Köln - Für die Süßwarenbranche ist es kein Zuckerschlecken. Der Inlandsmarkt gilt als gesättigt, das Exportgeschäft war 2017 erstmals leicht rückläufig. Der Verbraucher wird gesundheits- und wertebewusster.

Süßwarenbranche
Der deutsche Markt für Süßigkeiten ist gesättigt, Verbraucher werden anspruchsvoller. Für die Branche spielen Werbung und Marketing dabei eine große Rolle. Mit Blick auf Kinder bereitet das einigen Bauchweh. (c) proplanta
Die Industrie habe auf ein «Riesen-Wunschkonzert» zu reagieren, erklärt Bastian Fassin vom Bundesverband der Süßwarenindustrie (BDSI) zum Start der weltgrößten Süßwarenmesse ISM 2018 an diesem Sonntag in Köln.

«Das Angebot wird immer differenzierter und breiter.» Und das Marketing spielt eine wichtige Rolle. Gesundheitsexperten haben jedoch Bedenken: «Lockrufe» an Kinder hätten deutlich zugenommen.
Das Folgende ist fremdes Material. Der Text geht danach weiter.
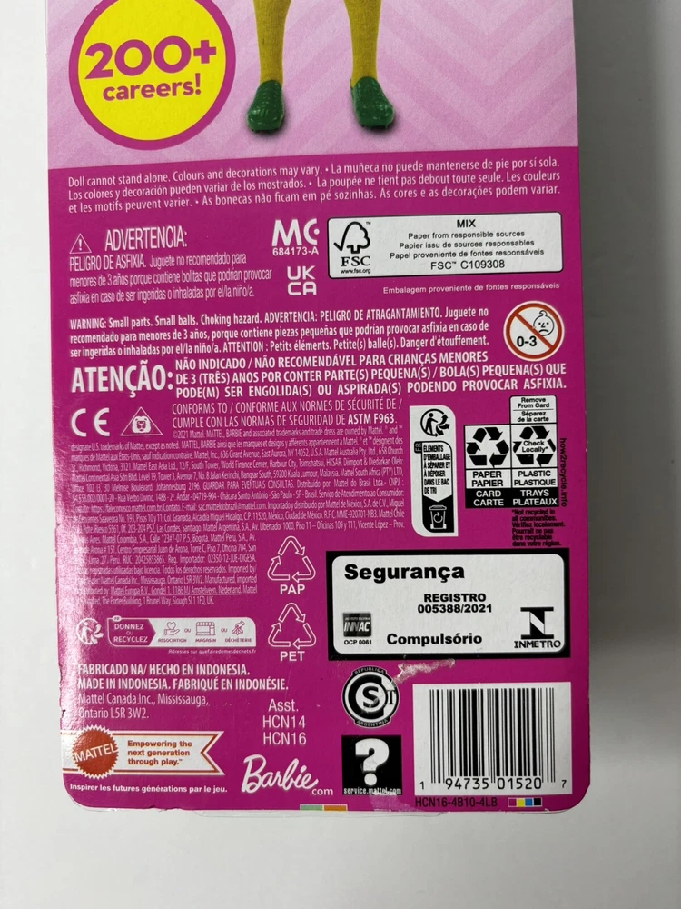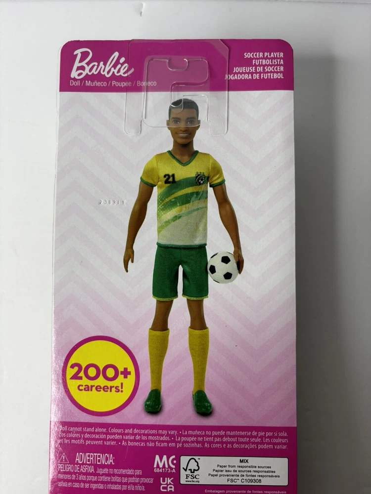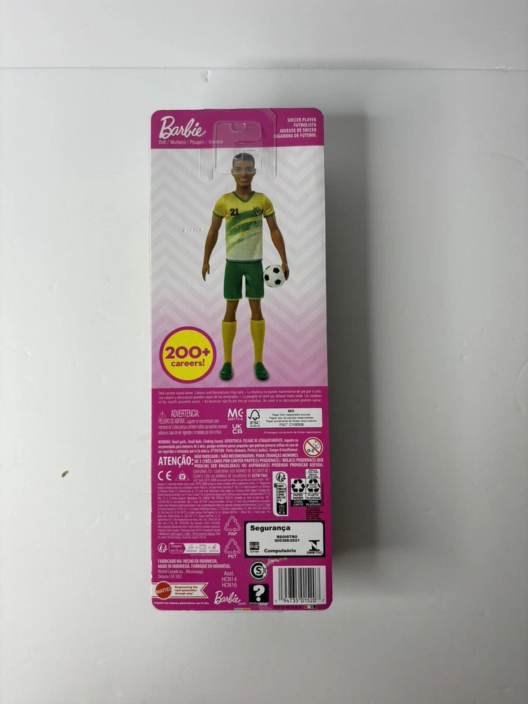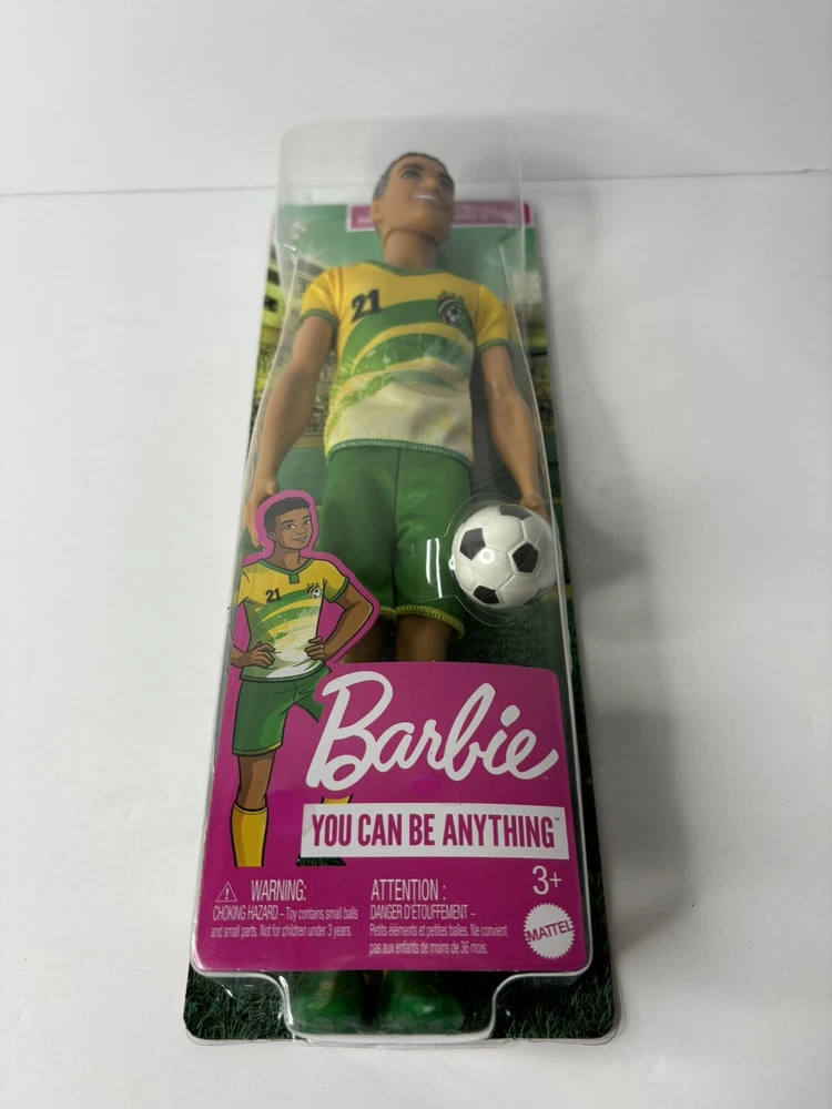 This Mattel 2021 Soccer Player Ken doll is a great addition to any Barbie collection. With its dark brown molded hair and brown eyes, this 12-inch vinyl doll is an original, licensed reproduction from the You Can Be Anything Barbie series. The doll comes in its original packaging, unopened and ready for display. As part of the You Can Be Anything product line, this doll is perfect for collectors and children alike. It features a medium complexion and is an African American ethnicity. The doll is not antique or vintage, but it is a 2021 manufacture from Indonesia. Whether you are a fan of soccer or just love collecting dolls, this Mattel 2021 Soccer Player Ken doll is a must-have.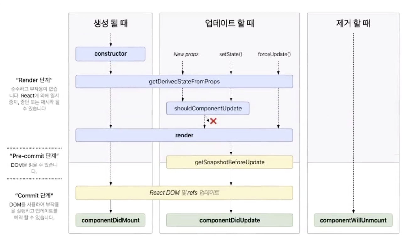 1. Class형 컴포넌트 생명주기 (1) 개요 리액트 생명주기를 알아야 useEffect 등 return문이 왜 그렇게 쓰였는지 알 수 있다. 컴포넌트가 생기고 죽을 때 어떤 과정이 생기는지 왜 그러는지 파악 (2) 생명주기(=컴포넌트 중심 라이브러리의 집합체) [Mount] -> [Update] -> [Unmount] 모든 컴포넌트에는 각각 생명주기가 존재한다. 각 생명주기에 맞는 매서드들이 있다. (3) 생명주기 1. Mount (1) 개요 컴포넌트가 생성될 때 (2) 매서드 1. constructor 컴포넌트가 맨 처음 만들어질 때 호출 생성자 2. getDerivedStateFromProps 부모 컴포넌트로부터 props를 전달받을 때, state에 값을 일치시키는 역할을 하는 매서드 마운트 될 때, 업데이트(리렌더링)될 때도 호출 3. render 최초 마운트가 준비완료되면 호출되는 즉, 렌더링 하는 매서드 컴포넌트를 DOM에 마운트하기 위해 사용 4. componentDidMount 컴포넌트가 브라우저에 표시된 후 호출되는 매서드 2. Update (1) 개요 컴포넌트가 갱신될 때 (리렌더링) 리렌더링이란 1. state, 2. props, 3. 부모 컴포넌트 가 변경이 될 때를 말한다. +4. (클래스형 컴포넌트에서) 강제적으로 업데이트 될 때 (2) 매서드 1. getDerivedStateProps 마운트 과정에서도 동일하게 호출되었던 메서드 부모 컴포넌트로부터 props를 전달 받을 때 state 값을 일치시키는 역할 2. shouldComponentUpdate 리렌더링 여부 판단(함수 호출 결과 – true(리렌더링 O)/false(리렌더링 X)) 함수형 컴포넌트에서 memo, useMemo, useCallback이 열할을 대신한다 3. render 변경사항이 반영 다 되어 준비완료되면 호출되는(렌더링) 매서드 컴포넌트를 DOM에 마운트하기 위해 사용 4. getSnapshotBeforeUpdate 컴포넌트에 변화가 일어나기 직전 DOM의 상태를 지정 componentDidUpdate 함수에서 사용하기 위한 스냅샷형태 데이터 5. componentDidUpdate 컴포넌트 업데이트 작업 완료 후 호출 3. Unmount (1) 개요 컴포넌트가 DOM에서 제거되는 시점 (2) 매서드 1. componentWillUnmount 컴포넌트가 사라지기 전 호출되는 매서드 useEffect의 return과 동일 2. 함수형 컴포넌트 생명주기 (1) 개요 리액트에서 Hook은 함수형 컴포넌트에서 React state와 생명주기 기능을 연동 할 수 있게 해주는 함수 Hook은 class 안에서는 동작하지 않고, class없이 React를 사용할 수 있게 함 (2) 생명주기 (3) 리액트 훅을 도입한 목적 기존의 라이프사이클 메서드 기반이 아닌 로직 기반으로 나눌 수 있어서 컴포넌트를 함수 단위로 잘게 쪼갤 수 있다는 이점 라이프사이클 메서드에는 관련 없는 로직이 자주 섞여 들어가는데, 이로인해 버그가 쉽게 발생하고, 무결성을 쉽게 해친다 (4) 훅 사용규칙 1. 최상위 에서만 Hook을 호출해야 한다 반복문, 조건문, 중첩된 함수 내에서 Hook을 실행하면 안 됨 이 규칙을 따르면 컴포넌트가 렌더링될 때마다 항상 동일한 순서로 Hook이 호출되는 것이 보장 2. 리액트 함수 텍스트컴포넌트에서만 Hook을 호출해야 한다 일반 JS함수에서는 Hook을 호출해서는 안된다. 1. useState 상태를 관리, [state이름, setter이름] 순으로 반환 받아서 사용 const [state, setState] = useState(initialState); 2. useEffect 화면에 렌더링이 완료된 후에 수행되며componentDidMount와 componentDidUpdate, componentWillUnmount가 합쳐진 것 useEffect(() => {}); // 렌더링 결과가 실제 돔에 반영된 후마다 호출

«Die Süßwarenindustrie gehört zu den Top Ten der Werbetreibenden in Deutschland», sagt Franz-Rudolf Esch, Direktor des Instituts für Marken- und Kommunikationsforschung an der EBS Business School.

Ohne «Produktdehnungen», neue Geschmacksvarianten und Innovationen könnten die Hersteller nicht überleben. Grundsätzlich gelte: «Die Flop-Quote bei Neuprodukten im Konsumgüterbereich liegt bei über 70 Prozent. Die Hälfte der Produkte ist nach einem Jahr schon nicht mehr im Regal.»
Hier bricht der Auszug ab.